I have a VCF file with 24 control samples and 24 treated sample all called jointly through GATK. I am not interested in the differences between all my samples vs ensembl reference used for mapping. I am interested in control vs treated. So I would like to use my control samples as reference and regenotype my treated samples against it.
To explain further, here is a simplified example:
var ref alt t1 t2 t3 c1 c2 c3
1 A T A/T A/T A/T A/T A/T A/T
2 A T A/T A/T A/T A/A A/A A/A
3 G C G/G G/G G/G G/C G/C G/C
var1 would not be interesting as it does not differ between controls and treated. var2 and var3 are interesting.
I am thinking of an approach where I would pick variants that have identical genotypes across controls and find a consensus. Then use that as the reference and regenotype my treated samples against it. Now that brings us to an interesting question... Which allele do I pick as reference for heterozygous positions. Now sure how they do that for all the reference genomes...
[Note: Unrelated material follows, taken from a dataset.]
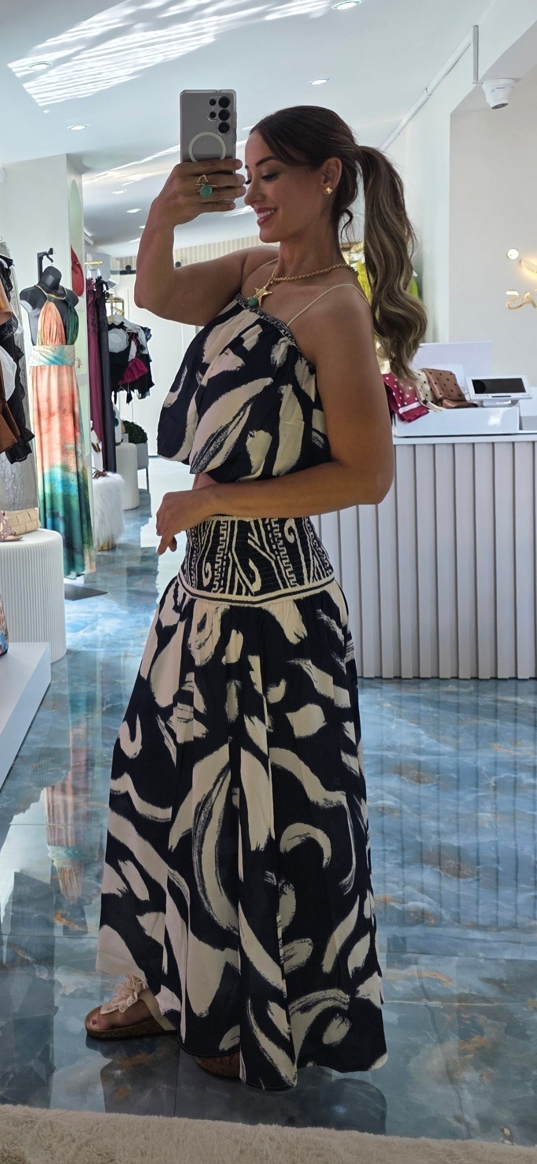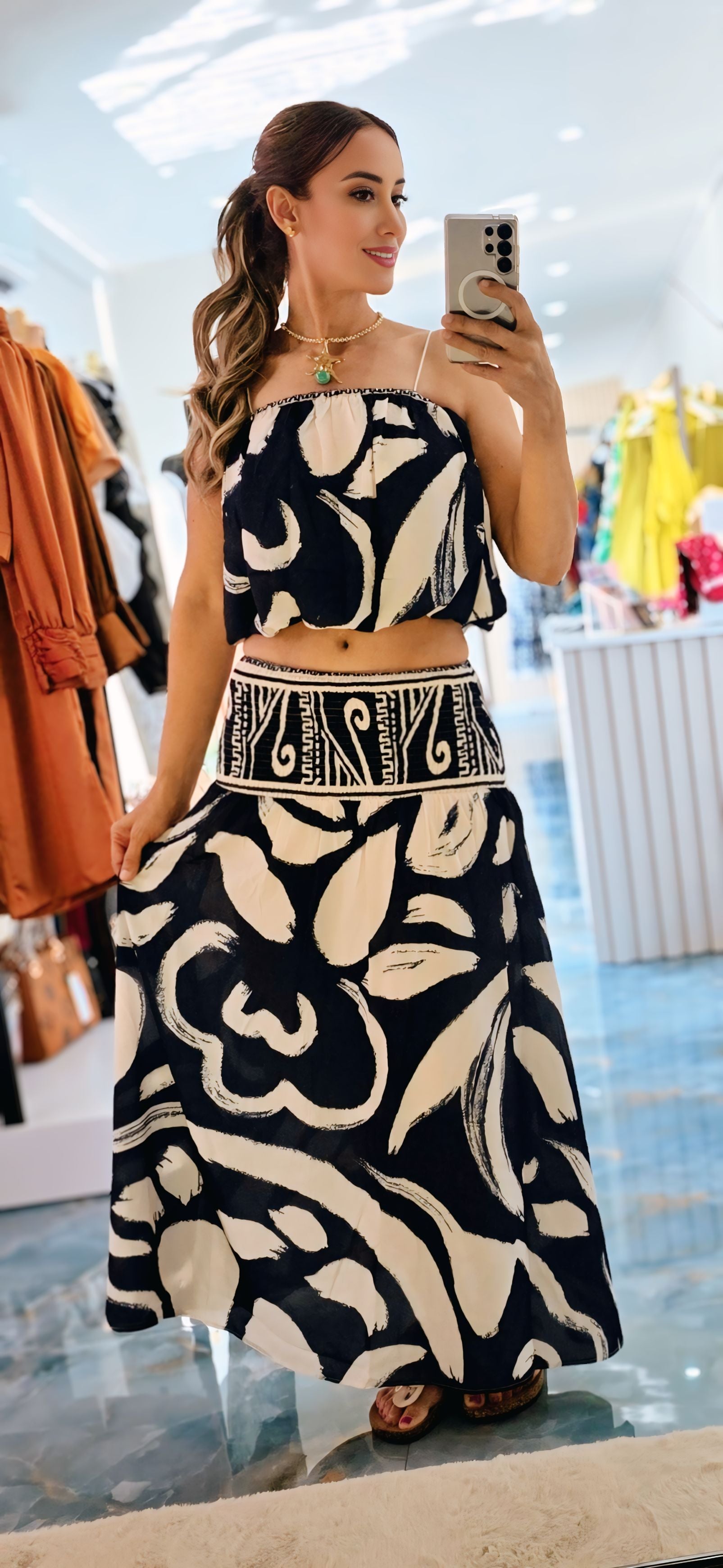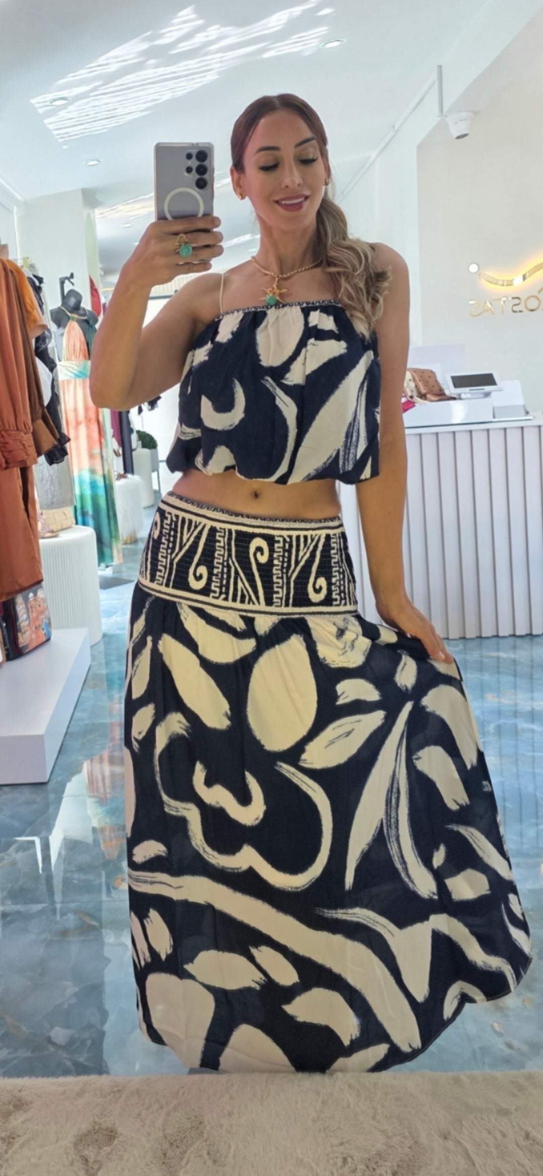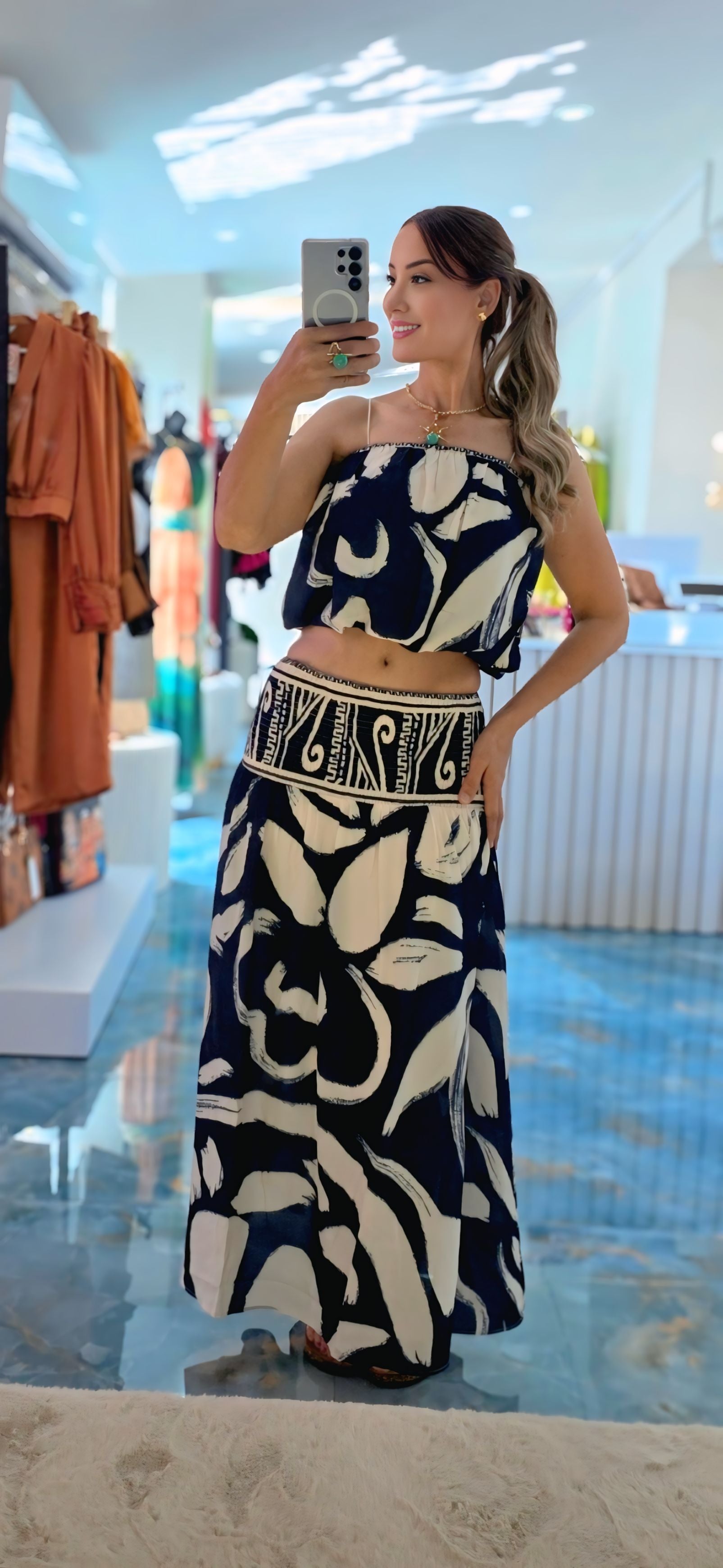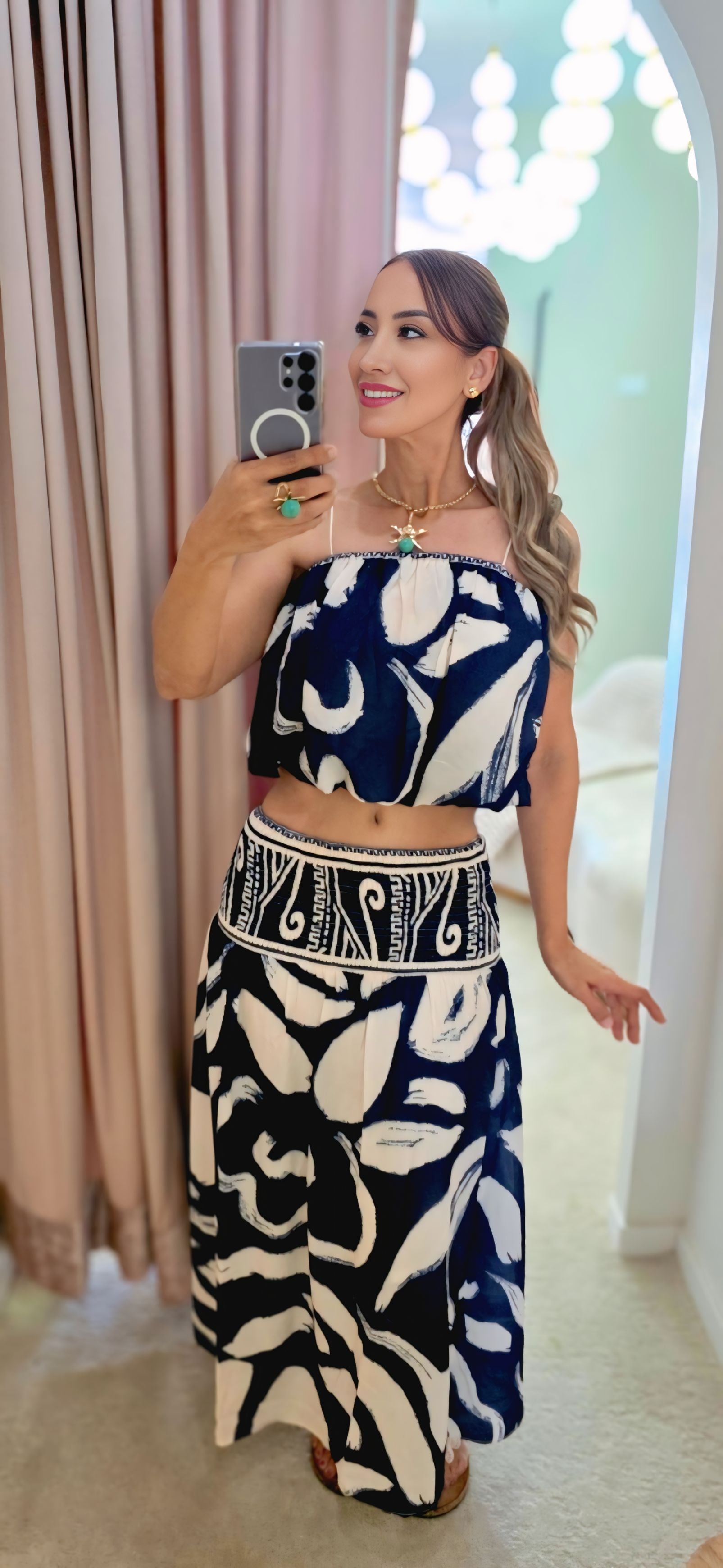 Un conjunto que evoca la frescura y elegancia del verano. Su estampado en tonos azul marino y crema refleja la belleza del océano con un aire artístico y moderno. El top de tirantes finos y caída fluida combina a la perfección con la falda amplia de cintura bordada, creando una silueta femenina, ligera y sofisticada. Ideal para una salida tropical, una cena junto al mar o un look chic de vacaciones. ✨

In this example, I am just going to pick the most common allele for each variant and set that as the reference. var1 was skipped earlier and the new reference looks like:
var ref
2 A
3 G
Now if we regenotype the treated samples against the new reference, we get:
var ref alt c1 c2 c3
2 A A A/A A/A A/A
3 G C G/C G/C G/C
var 2 can be skipped because it is not polymorphic anymore (only because A was chosen as ref). Then we have:
var ref alt c1 c2 c3
3 G C G/C G/C G/C
Is this correct? Anything like this implemented in any workflow/software? Ultimately the aim is to pick only differences caused due to the experimental condition.
not clear to me: what should you do with your t* samples ?
From original
Well, the point is that I have 3 variants when considering all samples (top code block), but I have only 1 variant if I regenotype my T against C (bottom code block). I would expect this to make a big difference in downstream variant effect predictions and so on.